In several previous posts I have discussed how novel technologies will often display a sigmoid growth curve, starting with a gradual development, suddenly experiencing an exponential increase in complexity, sophistication, and efficacy, followed by a long plateau of little or no development after that technology has achieved maturity. The posts in which I described this development include:

The Law of Stalled Technologies

More on Stalled Technologies

Blindsided by History

Technological Succession

In Blindsided by History I wrote:

“Present technologies will stall, and they will eventually be superseded by unpredicted and unpredictable technologies that will emerge to surpass them. Those who remain fixated on existing technologies will be blindsided by the new technologies, and indeed may simply fail to recognize new technologies for what they are when they do in fact appear.”

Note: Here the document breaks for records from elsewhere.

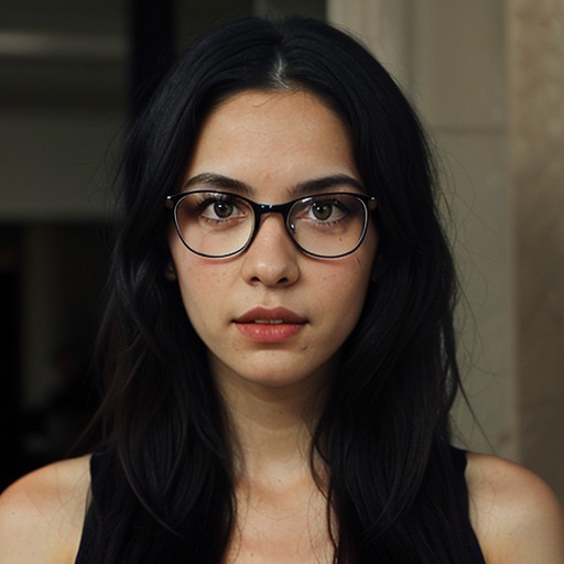 1girl, Greek, big beautiful dark green eyes with long eyelashes, long red dress, pretty face, long black hair, sensual lips, no makeup, glasses,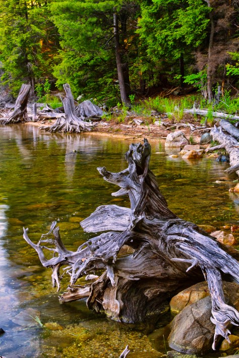 As I am out photographing I am always on the lookout for something unique.Last June while camping on Killarney Provincial Park, Paul Smith and I were canoeing along the shoreline.The lake we were on was Killarney Lake.This is a large lake with clear turquoise blue water.We spotted a group of stumps along the shoreline in a little cove.I selected this particular one where the top of the stump was in the shape of a dog’s head.I set up the tripod and Canon 7D at the waters edge.By placing the stump in the foreground and the lens at f22 for depth I captured this composition.The water is so clear here that you can see the texture of the rocks underwater.
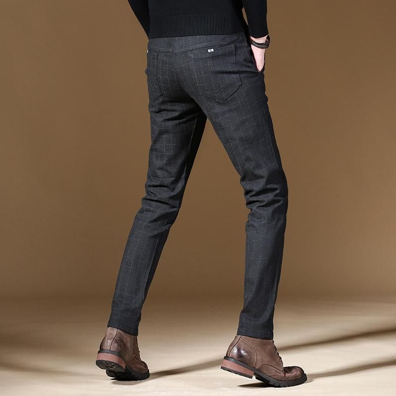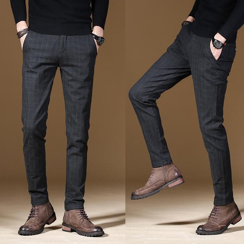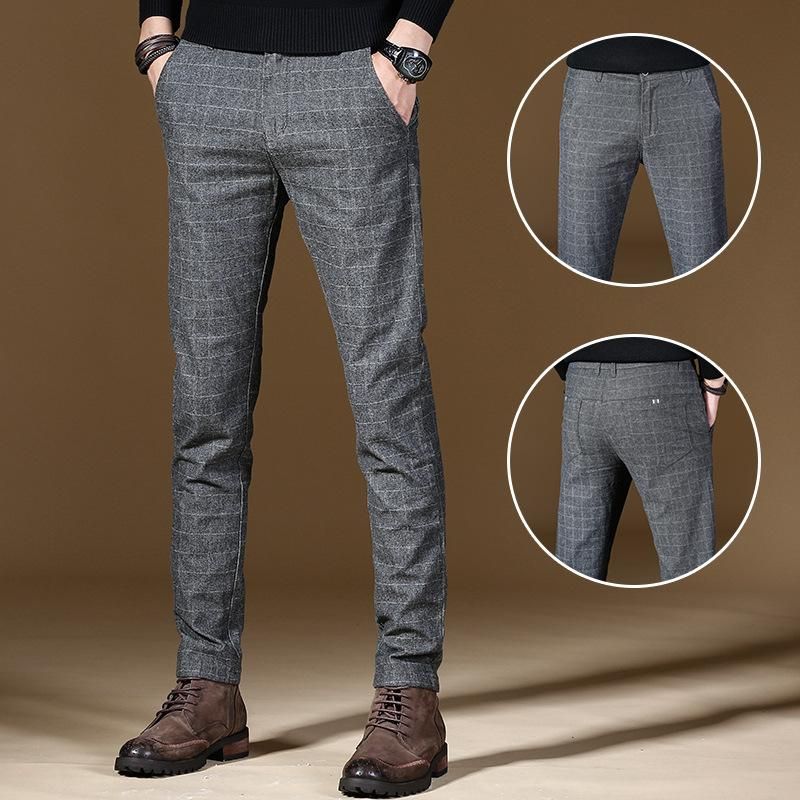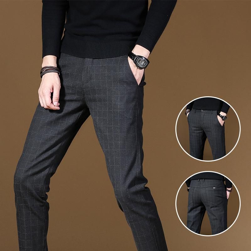 2021 nueva tendencia cuadros inteligente Casual de negocios de Pantalones largos ropa de oficina para hombre recto pantalones estrechos de hombre Fit pantalones de otono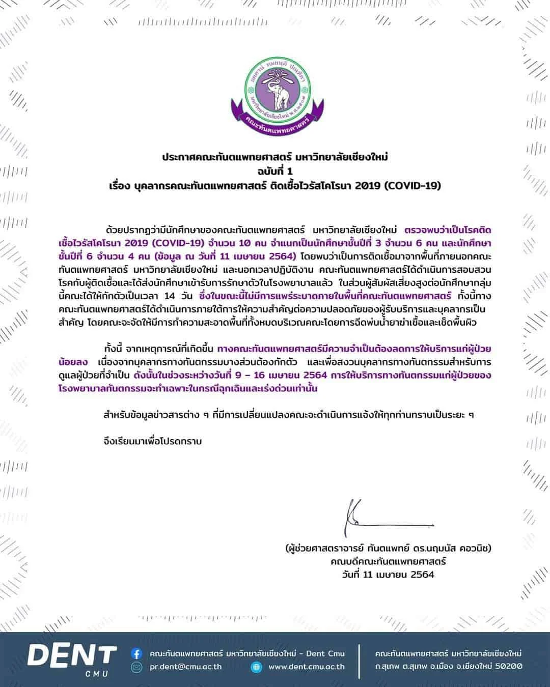 คณะทันตแพทยศาสตร์ มช. พร้อมในการป้องกันและช่วยเหลือ นศ.และบุคลากรคณะ ในสถานการณ์โควิด ด้วยปรากฏว่ามีนักศึกษาของคณะทันตแพทยศาสตร์ มหาวิทยาลัยเชียงใหม่ ตรวจพบว่าเป็นโรคติดเชื้อไวรัสโคโรนา 2019 (COVID-19) จำนวน 10 คน (ข้อมูล ณ วันที่ 11 เมษายน 2564)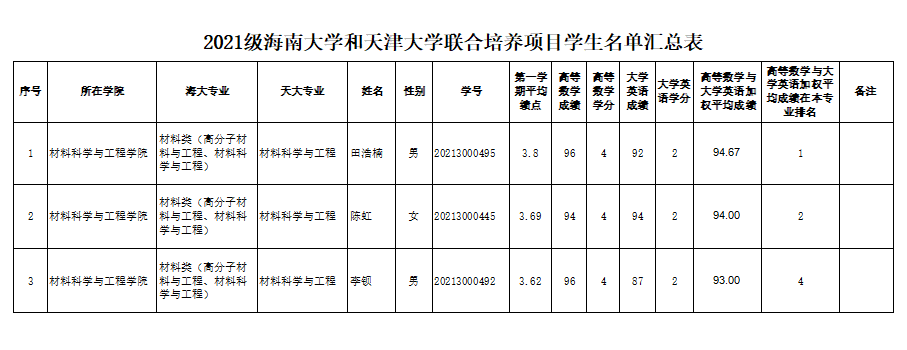 根据《教育部办公厅关于做好对口支援高校联合培养本科生等有关工作的通知》(教高厅[2010]1号)、《太阳成集团tyc33455cc与天津大学联合培养本科生工作方案》和公司教务处《关于选派2021级员工参加太阳成集团tyc33455cc和天津大学联合培养工作的通知》(海大教[2022]18号)的文件精神和要求,员工在符合基本条件基础上,以“高等数学”和“大学英语”课程成绩的加权平均分由高至低确定获得联合培养资格的员工名单。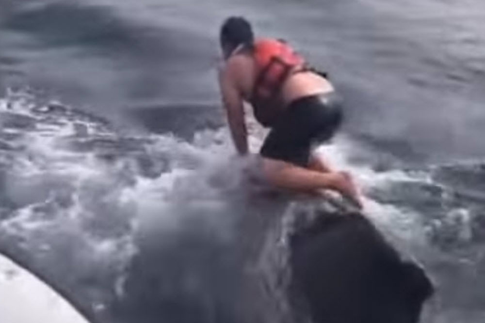 Рыбак прыгнул на кита и спас ему жизнь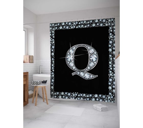 Штора (занавеска) для ванной JoyArty "Буква Q" из сатена, 180х200 см с крючками, sc_3470Q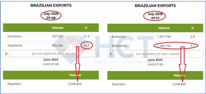 3. Brazil’s Cecafe đã tạm ngừng báo cáo xuất khẩu hàng ngày trong 8-10 ngày, nhưng số liệu mới nhất đến 21/7 cho thấy xuất khẩu chỉ tăng nhẹ so với tháng trước, không so sánh cùng kỳ năm trước. Dù xuất khẩu tháng 7 có thể tăng khoảng 10% so với tháng 5, tổng lượng xuất khẩu vẫn dự kiến giảm đến 32% so với cùng kỳ năm ngoái, xuống còn khoảng 2,86 triệu bao. Đây sẽ là tháng giảm thứ 7 liên tiếp của Brazil so với năm trước, trong bối cảnh tồn kho cà phê toàn cầu tại các cảng nhập khẩu chỉ còn khoảng 12-13 triệu bao, cảnh báo nguồn cung cà phê đang dần cạn kiệt.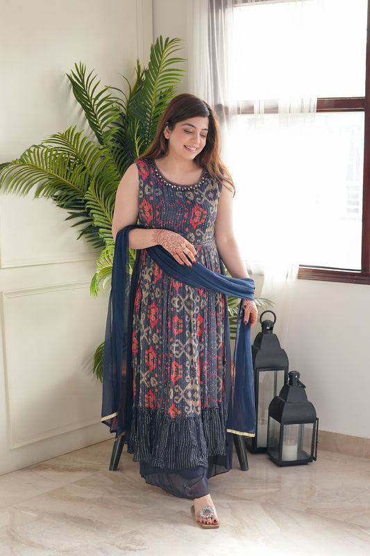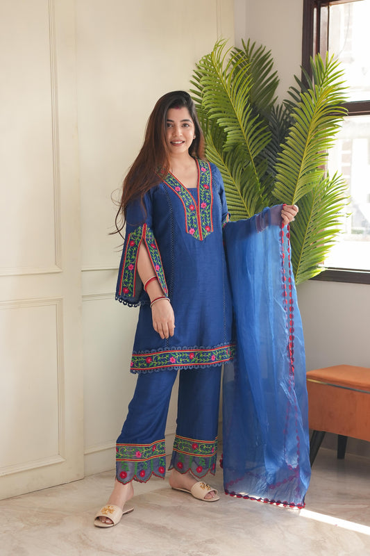 Out of StockVendor:LaGlitsRajha Blue Thread Work Silk Suit
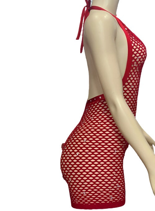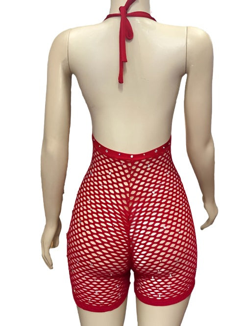 Red net shorts jumper with crystals. One size fits most size small thru large. Our clothes are made with only premium spandex fabric and proudly made in the USA. Experience the ultimate in comfort and style with our premium spandex fabric and expertly crafted design. Each piece is proudly made in the USA and is available in one size that fits most - from small to large. Say goodbye to ill-fitting clothes and hello to flawless fashion.

The phenomena of one technology superseding another results in Technological Succession. In my post on technological succession I wrote the following:

The overtaking of a stalled technology that remains at a given plateau by another technology that fulfills a similar need (although by way of a distinct method) is an extension of a society with stable institutions that was able to bring to fruition a mature technology. With a mature technology in place, and stable economic and social institutions built upon this technology, there emerges an incentive to continue or to expand these institutions to a greater extent, at a cheaper cost, more efficiently, more effectively, and with less effort. This attempt to do previous technology one better is, in turn, a spur to social changes that will call forth further innovations. It could be argued that the Industrial Revolution emerged from just such an escalation of social and technology coevolution.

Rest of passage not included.